*** Block opens ***

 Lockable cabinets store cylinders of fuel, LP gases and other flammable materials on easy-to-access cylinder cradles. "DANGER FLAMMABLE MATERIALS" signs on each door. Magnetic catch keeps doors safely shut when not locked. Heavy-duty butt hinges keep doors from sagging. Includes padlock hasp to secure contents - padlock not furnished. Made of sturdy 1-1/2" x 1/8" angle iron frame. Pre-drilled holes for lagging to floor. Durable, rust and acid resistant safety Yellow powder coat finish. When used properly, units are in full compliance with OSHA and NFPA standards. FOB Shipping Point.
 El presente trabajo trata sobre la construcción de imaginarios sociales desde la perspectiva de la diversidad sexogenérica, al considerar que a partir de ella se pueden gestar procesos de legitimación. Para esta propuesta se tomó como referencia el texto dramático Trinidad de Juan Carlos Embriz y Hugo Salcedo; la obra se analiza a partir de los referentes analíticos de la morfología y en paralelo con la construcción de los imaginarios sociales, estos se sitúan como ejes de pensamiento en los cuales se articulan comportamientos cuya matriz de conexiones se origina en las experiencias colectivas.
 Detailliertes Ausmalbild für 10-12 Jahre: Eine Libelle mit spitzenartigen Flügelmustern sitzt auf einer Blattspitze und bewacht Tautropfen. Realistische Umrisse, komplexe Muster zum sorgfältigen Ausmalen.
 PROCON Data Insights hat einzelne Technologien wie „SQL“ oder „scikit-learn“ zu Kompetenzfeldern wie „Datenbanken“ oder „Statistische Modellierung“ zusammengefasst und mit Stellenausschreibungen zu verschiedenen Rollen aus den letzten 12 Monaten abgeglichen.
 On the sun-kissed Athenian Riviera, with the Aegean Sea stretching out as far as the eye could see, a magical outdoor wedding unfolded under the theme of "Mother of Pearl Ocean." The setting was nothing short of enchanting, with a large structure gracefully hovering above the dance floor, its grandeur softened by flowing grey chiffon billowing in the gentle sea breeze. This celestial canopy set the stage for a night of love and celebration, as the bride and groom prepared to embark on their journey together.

*** Block closes ***

* **Task to carry out**
Whichever lines of the data include the word "floor", pull them out.

* **Problem solution**
 Lockable cabinets store cylinders of fuel, LP gases and other flammable materials on easy-to-access cylinder cradles. "DANGER FLAMMABLE MATERIALS" signs on each door. Magnetic catch keeps doors safely shut when not locked. Heavy-duty butt hinges keep doors from sagging. Includes padlock hasp to secure contents - padlock not furnished. Made of sturdy 1-1/2" x 1/8" angle iron frame. Pre-drilled holes for lagging to floor. Durable, rust and acid resistant safety Yellow powder coat finish. When used properly, units are in full compliance with OSHA and NFPA standards. FOB Shipping Point.
 On the sun-kissed Athenian Riviera, with the Aegean Sea stretching out as far as the eye could see, a magical outdoor wedding unfolded under the theme of "Mother of Pearl Ocean." The setting was nothing short of enchanting, with a large structure gracefully hovering above the dance floor, its grandeur softened by flowing grey chiffon billowing in the gentle sea breeze. This celestial canopy set the stage for a night of love and celebration, as the bride and groom prepared to embark on their journey together.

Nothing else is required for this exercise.